Class Trie

  • Direct Known Subclasses:
    CharTrie, IntTrie

    public abstract class Trie
    extends java.lang.Object

    A trie is a kind of compressed, serializable table of values associated with Unicode code points (0..0x10ffff).

    This class defines the basic structure of a trie and provides methods to retrieve the offsets to the actual data.

    Data will be the form of an array of basic types, char or int.

    The actual data format will have to be specified by the user in the inner static interface com.ibm.icu.impl.Trie.DataManipulate.

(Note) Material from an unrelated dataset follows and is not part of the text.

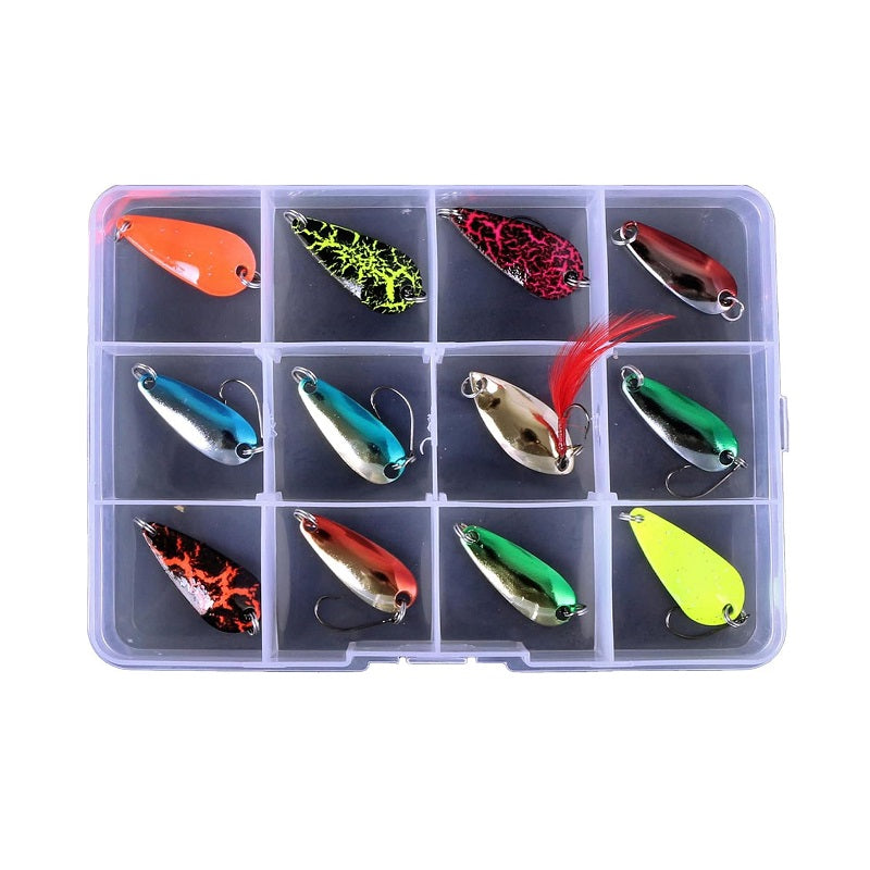 Σετ 12 τεμάχια πλάνοι ψαρέματος με αγκίστρι και κρίκο, σε πρακτική θήκη.

    This trie implementation is optimized for getting offset while walking forward through a UTF-16 string. Therefore, the simplest and fastest access macros are the fromLead() and fromOffsetTrail() methods. The fromBMP() method are a little more complicated; they get offsets even for lead surrogate codepoints, while the fromLead() method get special "folded" offsets for lead surrogate code units if there is relevant data associated with them. From such a folded offsets, an offset needs to be extracted to supply to the fromOffsetTrail() methods. To handle such supplementary codepoints, some offset information are kept in the data.

    Methods in com.ibm.icu.impl.Trie.DataManipulate are called to retrieve that offset from the folded value for the lead surrogate unit.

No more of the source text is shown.